• [Entries supplied]
Start of Block
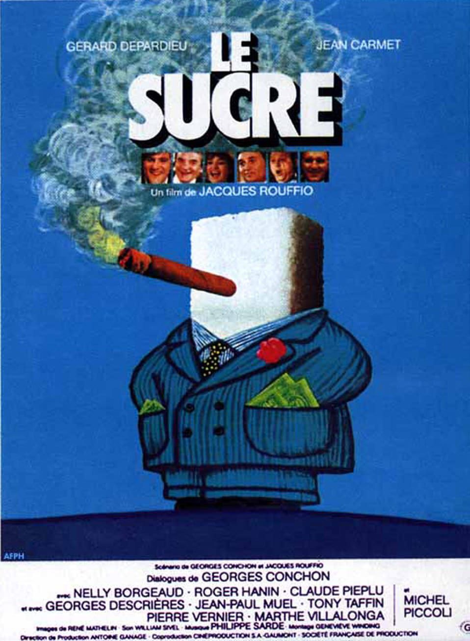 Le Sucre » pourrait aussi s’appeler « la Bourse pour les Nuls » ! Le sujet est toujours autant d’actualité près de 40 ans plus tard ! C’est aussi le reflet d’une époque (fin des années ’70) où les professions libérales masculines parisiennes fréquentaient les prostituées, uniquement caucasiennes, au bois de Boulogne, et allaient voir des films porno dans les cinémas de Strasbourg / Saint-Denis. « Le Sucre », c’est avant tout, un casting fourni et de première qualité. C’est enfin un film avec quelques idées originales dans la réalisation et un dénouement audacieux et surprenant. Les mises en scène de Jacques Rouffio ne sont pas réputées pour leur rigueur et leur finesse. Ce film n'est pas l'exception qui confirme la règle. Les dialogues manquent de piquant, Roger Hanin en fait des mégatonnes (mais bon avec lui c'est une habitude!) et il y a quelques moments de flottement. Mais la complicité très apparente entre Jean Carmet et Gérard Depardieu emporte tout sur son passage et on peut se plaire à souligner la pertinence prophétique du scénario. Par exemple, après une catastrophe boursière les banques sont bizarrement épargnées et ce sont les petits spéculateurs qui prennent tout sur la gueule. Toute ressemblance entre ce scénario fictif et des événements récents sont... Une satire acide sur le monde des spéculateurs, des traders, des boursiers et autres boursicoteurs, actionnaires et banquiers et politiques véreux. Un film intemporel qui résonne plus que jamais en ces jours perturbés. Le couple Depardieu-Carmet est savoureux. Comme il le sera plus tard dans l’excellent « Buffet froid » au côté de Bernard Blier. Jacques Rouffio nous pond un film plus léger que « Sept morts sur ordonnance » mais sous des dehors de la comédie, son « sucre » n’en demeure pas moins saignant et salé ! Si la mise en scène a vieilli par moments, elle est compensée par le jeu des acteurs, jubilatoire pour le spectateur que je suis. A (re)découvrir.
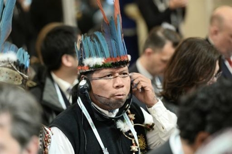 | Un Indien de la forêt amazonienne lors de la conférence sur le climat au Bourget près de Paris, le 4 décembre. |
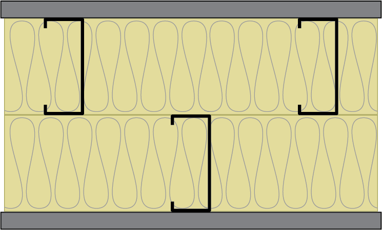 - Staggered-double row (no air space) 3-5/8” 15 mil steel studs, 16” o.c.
End of Block
Start of Block
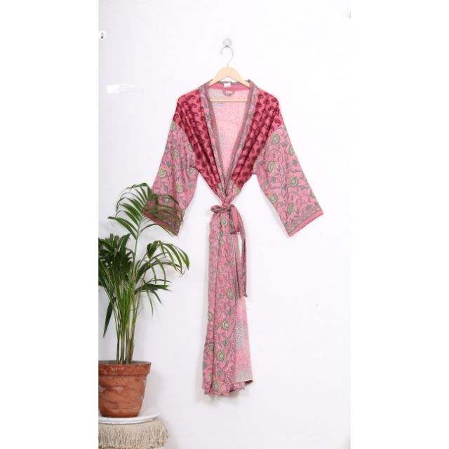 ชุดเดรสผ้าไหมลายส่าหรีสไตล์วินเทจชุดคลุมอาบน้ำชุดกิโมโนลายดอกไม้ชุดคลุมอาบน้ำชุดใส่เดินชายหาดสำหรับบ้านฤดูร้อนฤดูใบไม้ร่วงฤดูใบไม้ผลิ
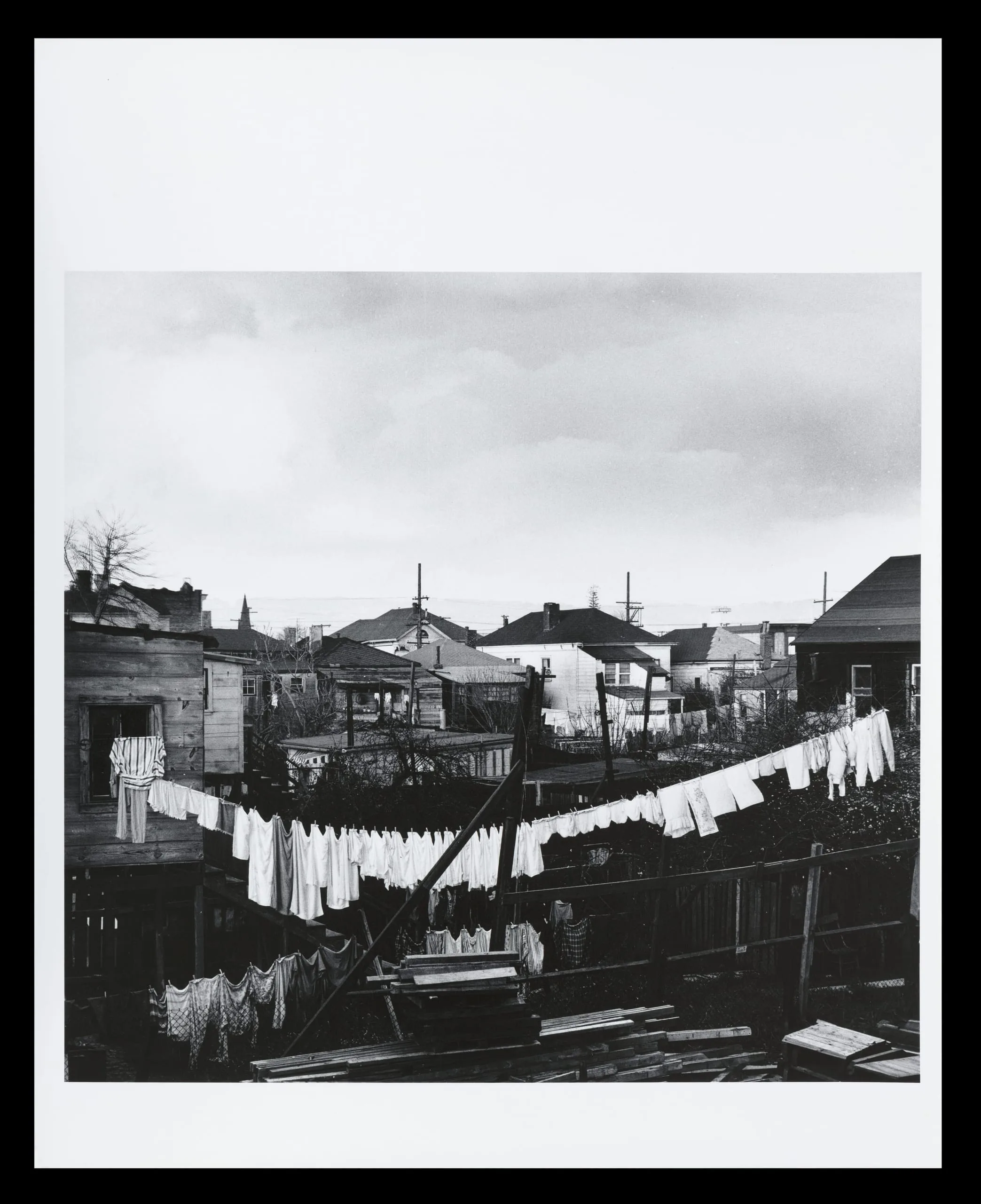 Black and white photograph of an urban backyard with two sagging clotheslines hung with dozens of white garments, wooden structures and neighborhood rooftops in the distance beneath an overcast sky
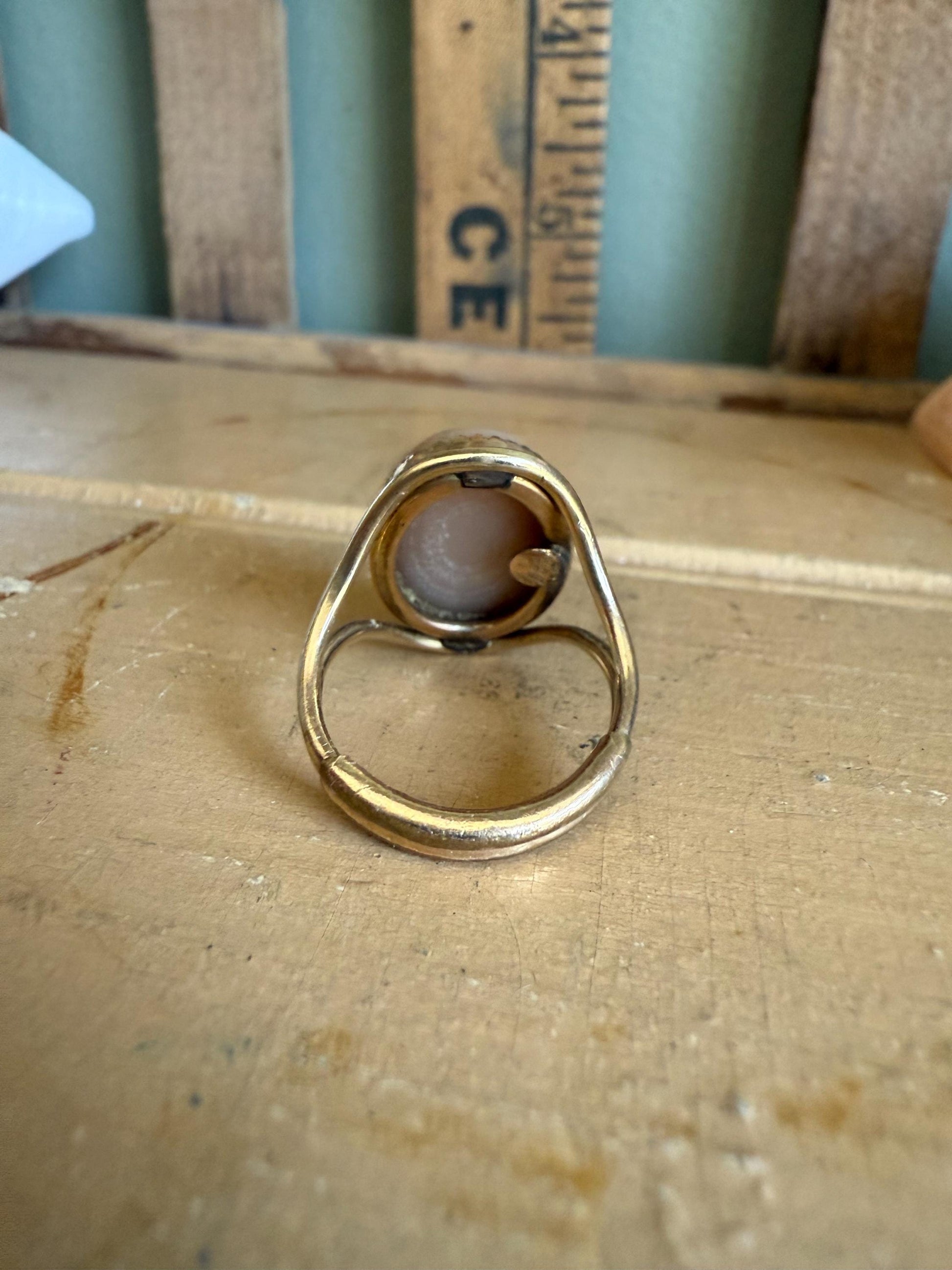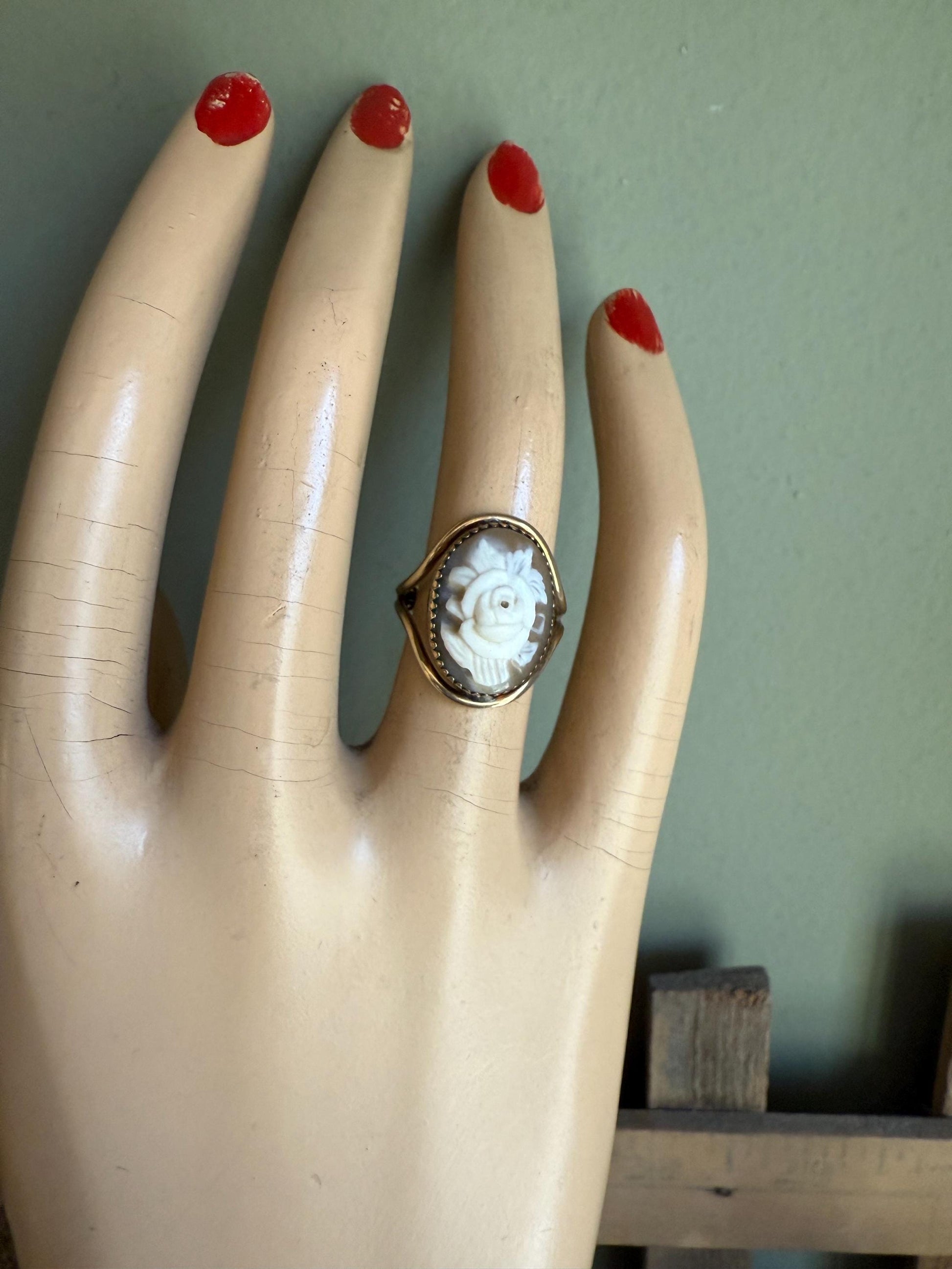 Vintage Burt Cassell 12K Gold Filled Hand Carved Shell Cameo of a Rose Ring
End of Block
• [Aim of the task] The line holding "4 décembre. |" starts the copy and the line holding "- Staggered-double row" ends it. Repeat those two lines above and all between them exactly, leaving out pictures.

• [Exercise answer]
 | Un Indien de la forêt amazonienne lors de la conférence sur le climat au Bourget près de Paris, le 4 décembre. |
 - Staggered-double row (no air space) 3-5/8” 15 mil steel studs, 16” o.c.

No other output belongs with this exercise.